Abstract
This method is a turbidimetric determination of barium sulfate by estimating the light absorbancy of barium sulfate suspension. The sample is dissolved in nitric acid-hydrochloric acid mixture for conversion of the sulfur to sulfate, and the selenium is separated by volatilizing it off as a bromide by addition of hydrogen bromide. The process is carried out in the presence of a certain amount of sodium nitrate in order to avoid the loss of sulfate.
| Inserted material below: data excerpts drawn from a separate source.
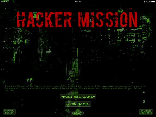 Hacker Mission is meant for in-person play, and uses peer-to-peer connectivity to connect 5-8 players, even in the woods around a campfire.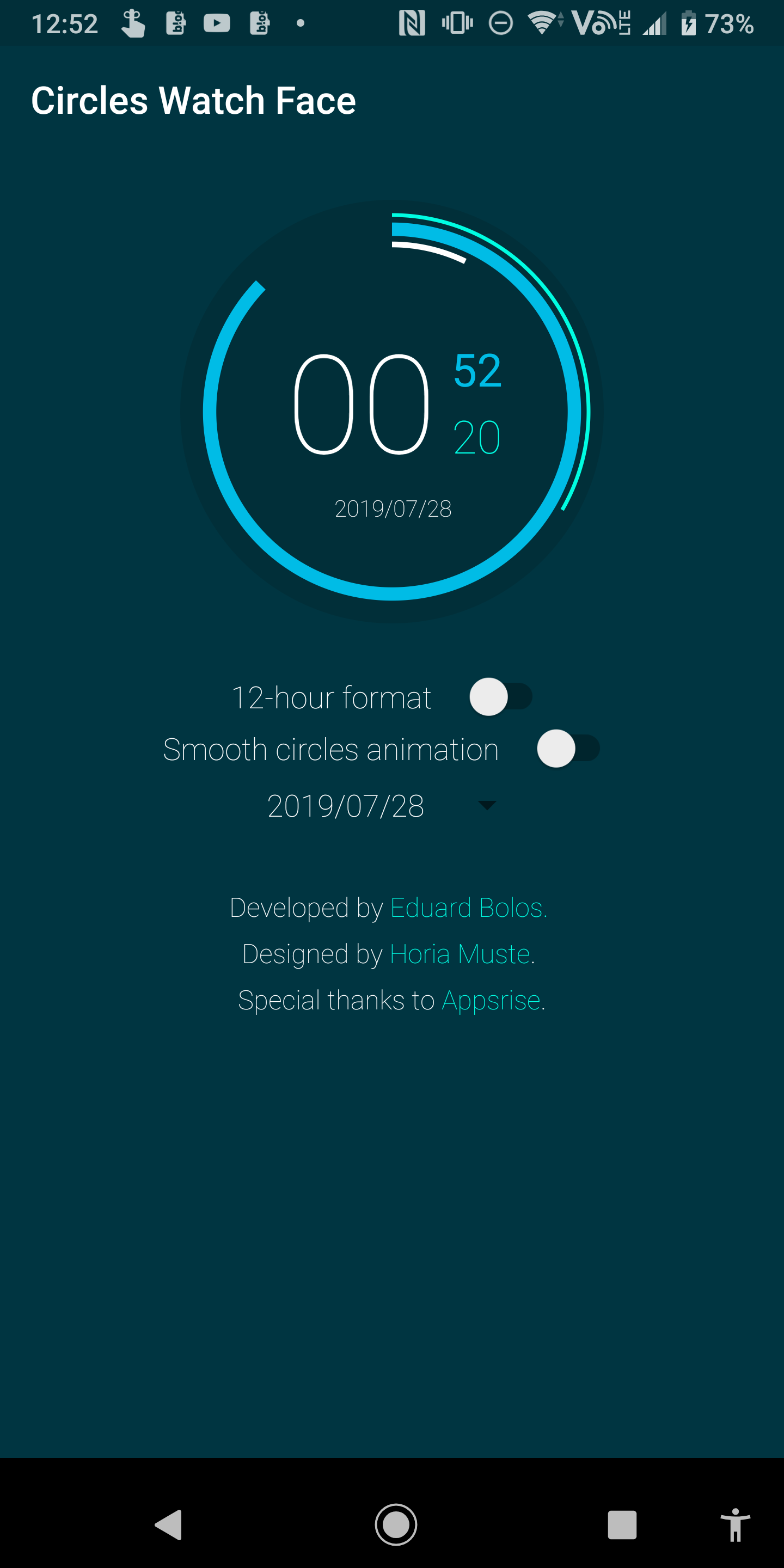 Handcrafted from the heart of Transylvania, this clean watch face with minimal design will beautify your smartwatch with its animated circles. With native support for ambient screen, the optimised dimmed mode of this watch face will guarantee a minimal bat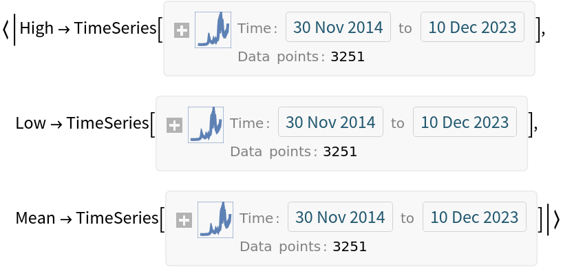 Also, FinancialData returns cryptocurrency results with different units or without units. See comparison with stocks ("GE"):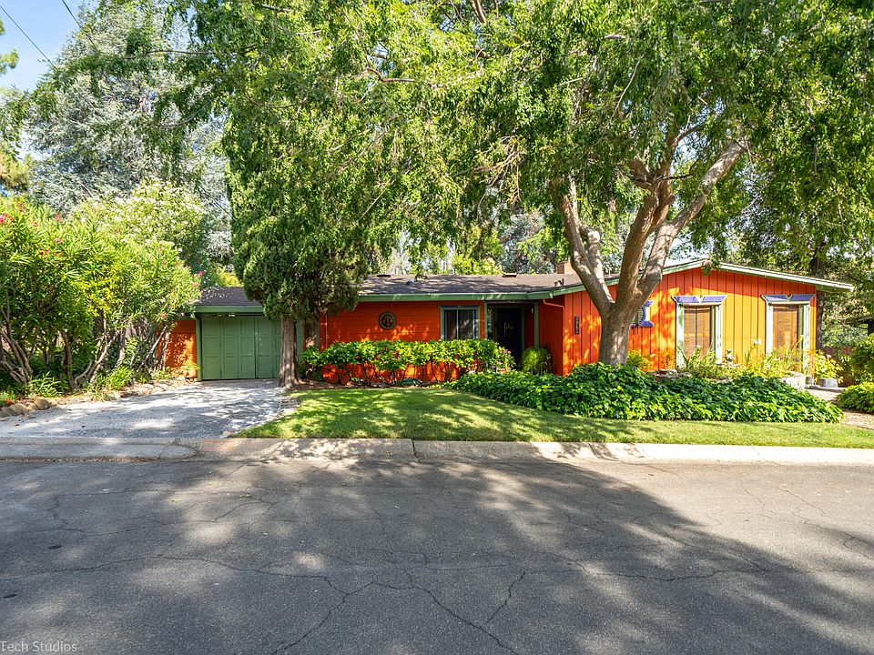 Late 50's custom home, very retro with many modern improvements while still retaining the feel of an era gone by. Features River rock fireplace with efficient wood burning stove with stainless steel liner & custom maple mantle, vaulted open beam ceilings, dual pane windows, refinished Parquet flooring and very private backyard with hot tub. Third bedroom does not have a closet but could be added.

For determination of turbidity, an aqueous solution slightly acidified with nitric acid containing 65% of an equal mixture of ethanol and propylene glycol is used. A 0.25M barium chloride solution is also prepared by using the same solvent. Under these conditions the relationship between the amount of sulfate and the light absorbancy was the most satisfactory, as indicated in Fig. 2. The effect of concentration of acid, the method of mixing, and the effect of coexisting substances were investigated in detail; and a method of determination up to a limit of 0.0005% sulfur in selenium with ±4% error was established. The time required for this procedure is 8 hours. The merit of this turbidimetric method is that the determination of a micro quantity of barium sulfate, which was difficult by heretofore known methods, can now be accomplished with good accuracy. The results of application of this method to the nephelometric method are also described.